AFCI dedicted circuits

Todays inspection was 2005 permitted construction SFR. Discovered that the master bedroom AFCI circuit included the master bath GFCI as well as lighting devices for both the bedroom and bath. Rightfully or wrongly it had been my understanding that the AFCI were for outlets only and could not be used to service other devices. Your insight will be appreciated

Everything is OK with the exception of the bathroom receptacle being on the same circuit as the bedroom. The bathroom receptacle(s) is/are required to be on a 20 amp circuit dedicated to only the bathroom(s) or a 20 amp circuit which supplies only the receptacle and equipment within that bathroom.

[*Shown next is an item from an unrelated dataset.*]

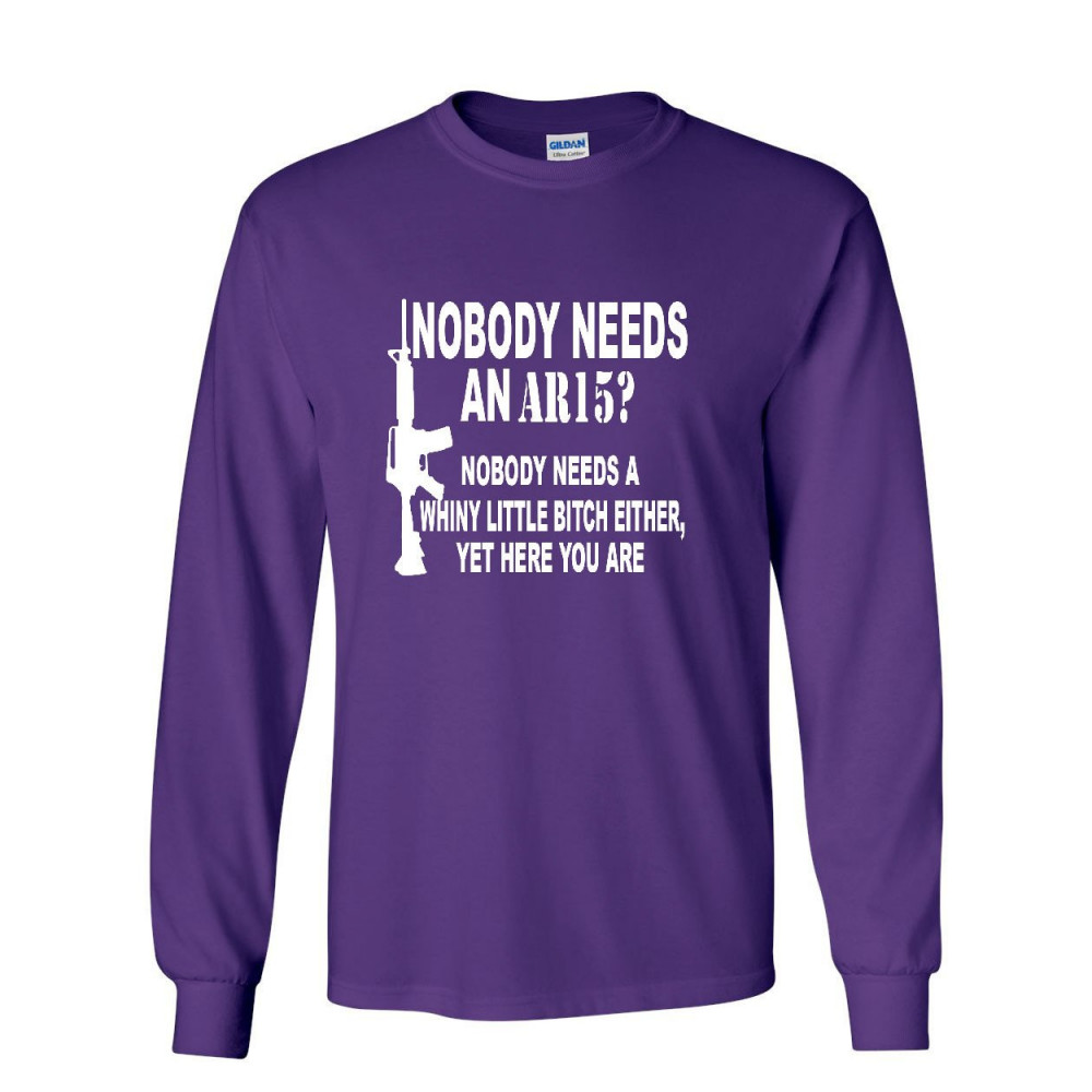 NOBODY NEEDS AN AR15? long sleeve t-shirt funny offensive humor political firearms gun rights purple

Robert has answered the initial question regarding the bathroom outlets.

“Outlets” and “receptacles” are not the same thing.

Generally, AFCI protection serves lighting outlets AND receptacle outlets. In other words - the entire branch circuit, which (in most cases) will be multiple “outlets.”

All outlets are required to have AFCI protection. Outlet is a broad term that usually gets thought of as only receptacles but by definition it is not limited to receptacles. That definition would included receptacles, lights and hard wired smoke detectors, etc.

Yes, smoke detectors, CO detectors and other outlets included.

That brings up a question. I’d like to get your opinion Robert.

The blank-face, GFCI protection in the master bedroom closet, provided for the spa-tub (we discussed this breifly in another thread) - Do we consider this an “outlet” located in a “dwelling unit bedroom,” which would also require AFCI protection?



Good question. Here’s the Article 100 NEC definition of an outlet:

And the definition of utilization equipment:

IMO that GFCI device will use electric energy so it is by definition utilization equipment. It is also at a point in the wiring system where it will take current to perform it’s function.

But if you had a simple single pole switch switch it wouldn’t meet the definition of an outlet.

I don’t see how it is utilization equipment because the device does not do any work

How ever the load it is monitoring is utilization equipment so the AFCI requirement would apply anyway.

Just my thoughts guys.

I would not consider a blank face GFI to be an outlet. I would consider this the same as a switch as no electric is being drawn out like it would for a receptacle or lighting outlet.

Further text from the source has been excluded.